> [REQUIRED WORK]: Pictures should be omitted; restate word for word the lines from the one holding "游客在伊寧市六星街打卡拍照(5月19日攝)。" through the last line of the entries below.

> [RECORDED INFORMATION]:
━━━━━━━━━━━━━━━━
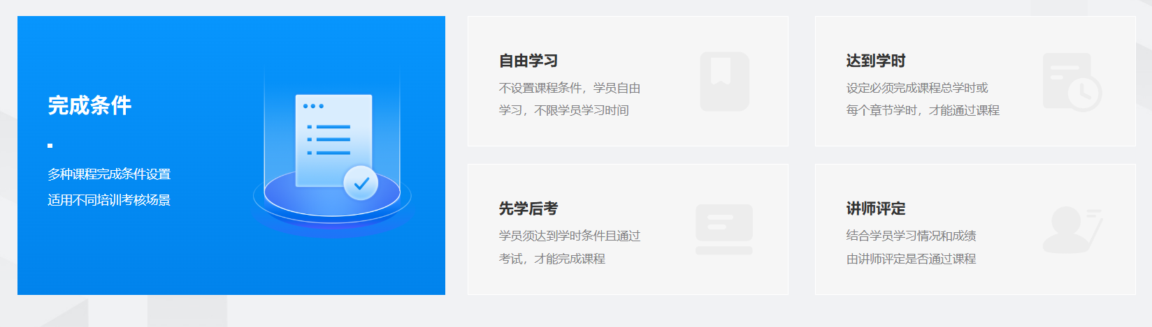 這是考試云最具特色的功能之一。平臺(tái)支持設(shè)置“課程完成條件”,例如:
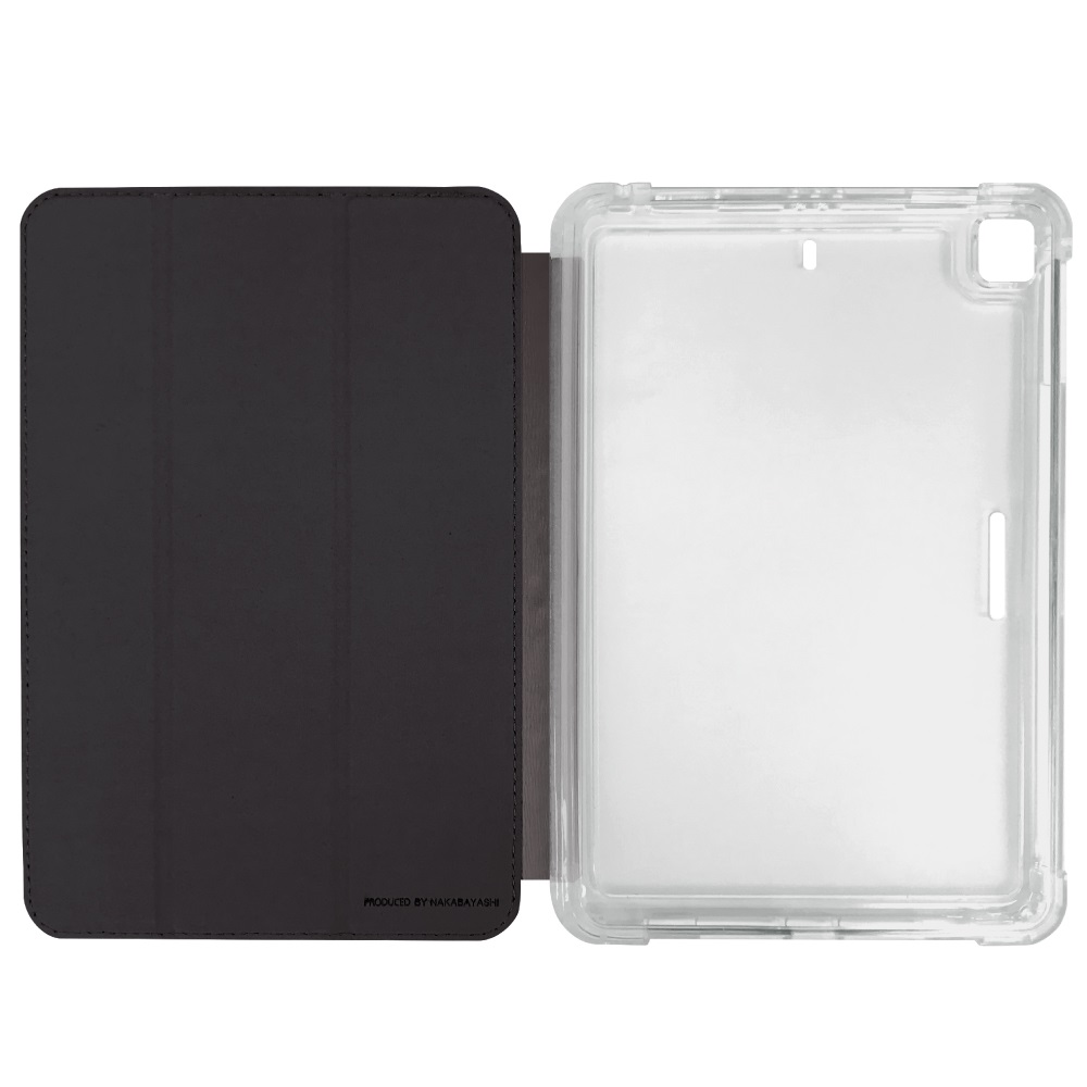 丈夫なポリカーボネートとクッション性のあるTPUを使ったハイブリッド構造の衝撃吸収ケース。PU製液晶カバーとの組み合わせで、iPadProをしっかりガードします。ケースを付けたまま写真や動画の撮影ができ、ケーブル等の接続も可能です。
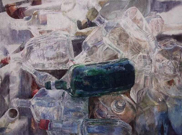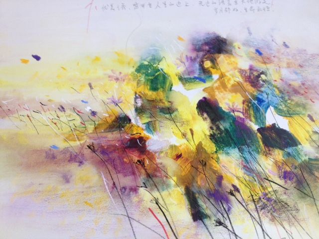 In meinen Arbeiten benutze ich häufig Aquarellfarben und chinesische Farben. Ich benutze diese Materialien einerseits wegen ihres Bezugs zur traditionellen chinesischen Kultur. Ich kann meiner eigenen Kultur nicht ausweichen und gehe auch in meinen Arbeiten immer von ihr aus. In der chinesischen Malerei ist der Maler wie die Media der Natur, der Maler drückt durch Malerei den Geist der Natur aus. Da gibt es eine Form, die sowohl figurativ als auch abstrakt ist. Das ist die traditionelle chinesische Wahrnehmung: eine Darstellungsform zwischen Nachahmung und Loslösung von der Realität. Die Darstellung der eigener Persönlichkeit und die Einfühlung in die dargestellten Gegenstände werden miteinander verbunden. Dies stimmt auch mit dem Geist des traditionellen chinesischen Xieyi-Stils (den Sinn äußern) überein. Und es gibt in der chinesischen Malerei auch eine andere Form der Perspektive: Diese Perspektive hat nicht einen Fluchtpunkt sondern viel Punkte. Es ist eine Art Perspektive des Herzens. Der Maler und die Zuschau sind immer enthalten. Eine solche Perspektive lässt mich unter die Oberfläche sehen und schauen, was mich eigentlich bewegt: das Unaussprechliche, was dennoch gesagt werden möchte, das, was mich veranlasst zu suchen, was ich in meinen Arbeiten äußern möchte, im Laufe der Zeit bin ich immer empfindlicher für Wasserfarben und Tusche. Mehrere Farbschichten komponieren auf dem Papier oder auf Leinwand einen tiefen mystischen Farbenraum, nicht wegen des Farbtons an sich, sondern vielmehr wegen der Eigenschaften der Farben.
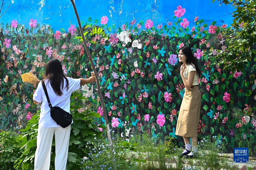 游客在伊寧市六星街打卡拍照(5月19日攝)。
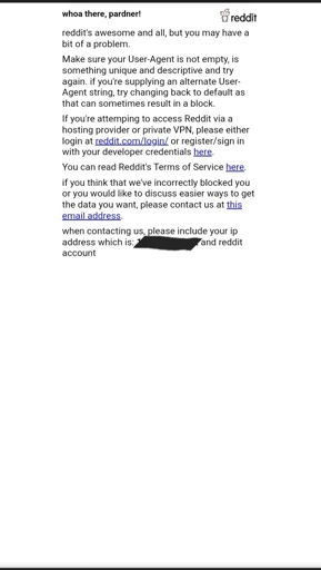 Wytchhazel08@lemmy.ml to SNOOcalypse - document, discuss, and promote the downfall of Reddit.@lemmy.ml · 2 years agoBlocked from accessing reddit cause of my vpnlemmy.mlimagemessage-square0linkfedilinkarrow-up11arrow-down10
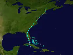 On May 13, a tropical depression formed about 60 mi (95 km) south of Trinidad, Cuba. It quickly crossed the island and moved over the Straits of Florida. The cyclone strengthened to a minimal tropical storm on May 14 and soon made landfall near Key Vaca, Florida, with winds of 40 mph (65 km/h). Around 06:00 UTC the storm struck the Florida mainland near Cape Sable and initially moved north-northwestward across the state.[2] Based on observations from Tampa late on May 14, the storm's minimum barometric pressure is estimated at 1,004 mbar (29.6 inHg).[4] The cyclone turned northeastward on May 15. It transitioned to an extratropical cyclone over eastern Virginia on the following day. The remnants briefly re-emerged over the Atlantic, before striking New England and dissipating over Maine on May 17.[2] Initially, the cyclone was not included in the Atlantic hurricane database.[4]
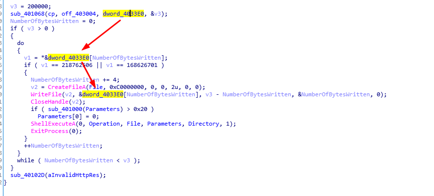 现在回到StartAddress中,我们可以看到,dword_4033E0将会作为参数传递到WriteFile函数中。
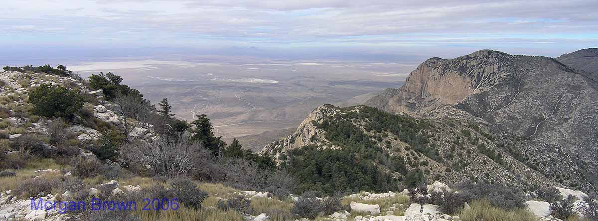 Shumard Peak, west of Guadalupe Peak, is the third highest summit in Texas, after Guadalupe and Bush Mountain.
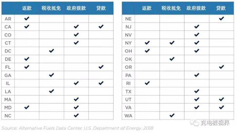 許多州提供安裝電動汽車充電設(shè)備的激勵措施。包括退稅、稅收抵免、免稅、補助和貸款(下表)。
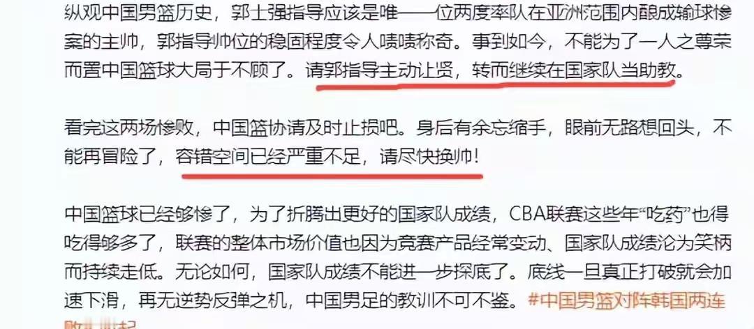 中国男篮近期两场世预赛全部告负,尤其是输给韩国队一役表现低迷。球队国际排名已跌至亚洲第11位,创下历史最低排名。三个月前亚洲杯虽取得亚军,如今状态却明显下滑。 主帅郭士强的执教受到不少质疑,有评论指出其用人安排存在问题。从其执教经历来看,无论是此前带领辽宁队在决赛遭逆转,还是2009年亚锦赛失利,都与他的临场指挥有一定关联。如今执教国家队,战术体系仍显单一,进攻套路不够丰富。部分球员状态持续不佳,却依旧被委以重用,这也引发了外界讨论。 目前篮协承受较大舆论压力,已有媒体人公开呼吁换帅。郭士强亟待调整执教策略,若国家队成绩继续下滑,局面将会更加被动。
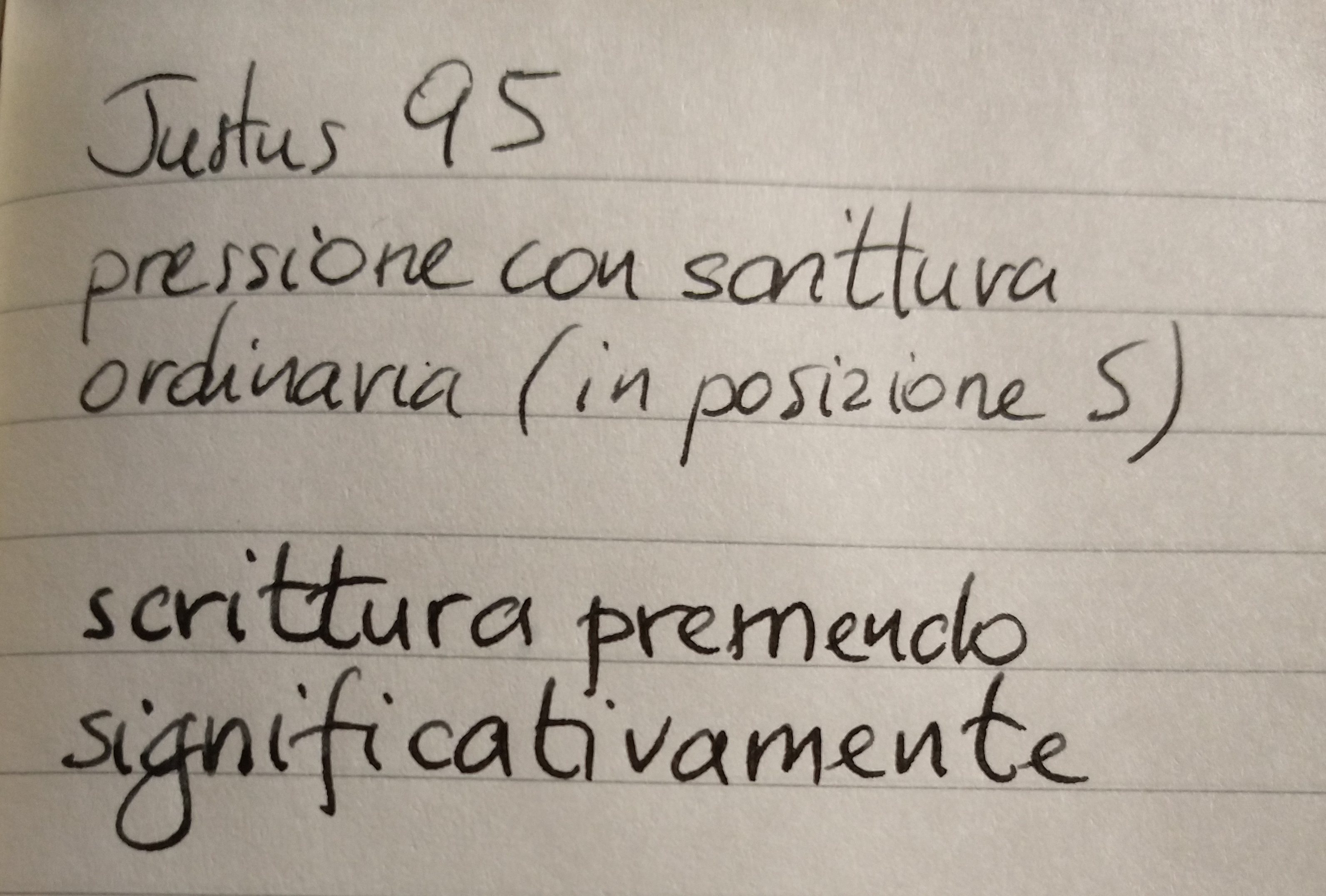 Aggiungo qualche esempio (premetto che ho la mano molto leggera, quando dico pressione ordinaria, è la mia pressione ordinaria, che non è molta). Prima una Justus 95, al massimo di morbidezza:
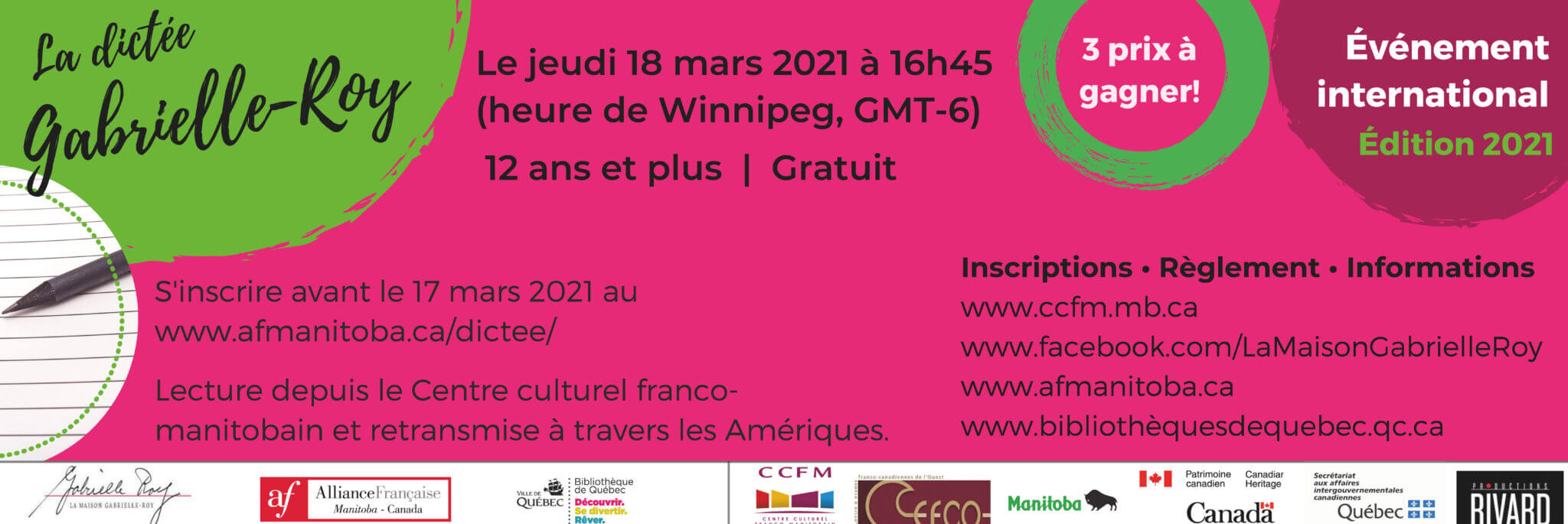 La 4ème édition de la Dictée Gabrielle-Roy / le 18 mars 2021 à 17h (HAC) / en
━━━━━━━━━━━━━━━━
> [TASK ANSWER]:
 游客在伊寧市六星街打卡拍照(5月19日攝)。
 Wytchhazel08@lemmy.ml to SNOOcalypse - document, discuss, and promote the downfall of Reddit.@lemmy.ml · 2 years agoBlocked from accessing reddit cause of my vpnlemmy.mlimagemessage-square0linkfedilinkarrow-up11arrow-down10
 On May 13, a tropical depression formed about 60 mi (95 km) south of Trinidad, Cuba. It quickly crossed the island and moved over the Straits of Florida. The cyclone strengthened to a minimal tropical storm on May 14 and soon made landfall near Key Vaca, Florida, with winds of 40 mph (65 km/h). Around 06:00 UTC the storm struck the Florida mainland near Cape Sable and initially moved north-northwestward across the state.[2] Based on observations from Tampa late on May 14, the storm's minimum barometric pressure is estimated at 1,004 mbar (29.6 inHg).[4] The cyclone turned northeastward on May 15. It transitioned to an extratropical cyclone over eastern Virginia on the following day. The remnants briefly re-emerged over the Atlantic, before striking New England and dissipating over Maine on May 17.[2] Initially, the cyclone was not included in the Atlantic hurricane database.[4]
 现在回到StartAddress中,我们可以看到,dword_4033E0将会作为参数传递到WriteFile函数中。
 Shumard Peak, west of Guadalupe Peak, is the third highest summit in Texas, after Guadalupe and Bush Mountain.
 許多州提供安裝電動汽車充電設(shè)備的激勵措施。包括退稅、稅收抵免、免稅、補助和貸款(下表)。
 中国男篮近期两场世预赛全部告负,尤其是输给韩国队一役表现低迷。球队国际排名已跌至亚洲第11位,创下历史最低排名。三个月前亚洲杯虽取得亚军,如今状态却明显下滑。 主帅郭士强的执教受到不少质疑,有评论指出其用人安排存在问题。从其执教经历来看,无论是此前带领辽宁队在决赛遭逆转,还是2009年亚锦赛失利,都与他的临场指挥有一定关联。如今执教国家队,战术体系仍显单一,进攻套路不够丰富。部分球员状态持续不佳,却依旧被委以重用,这也引发了外界讨论。 目前篮协承受较大舆论压力,已有媒体人公开呼吁换帅。郭士强亟待调整执教策略,若国家队成绩继续下滑,局面将会更加被动。
 Aggiungo qualche esempio (premetto che ho la mano molto leggera, quando dico pressione ordinaria, è la mia pressione ordinaria, che non è molta). Prima una Justus 95, al massimo di morbidezza:
 La 4ème édition de la Dictée Gabrielle-Roy / le 18 mars 2021 à 17h (HAC) / en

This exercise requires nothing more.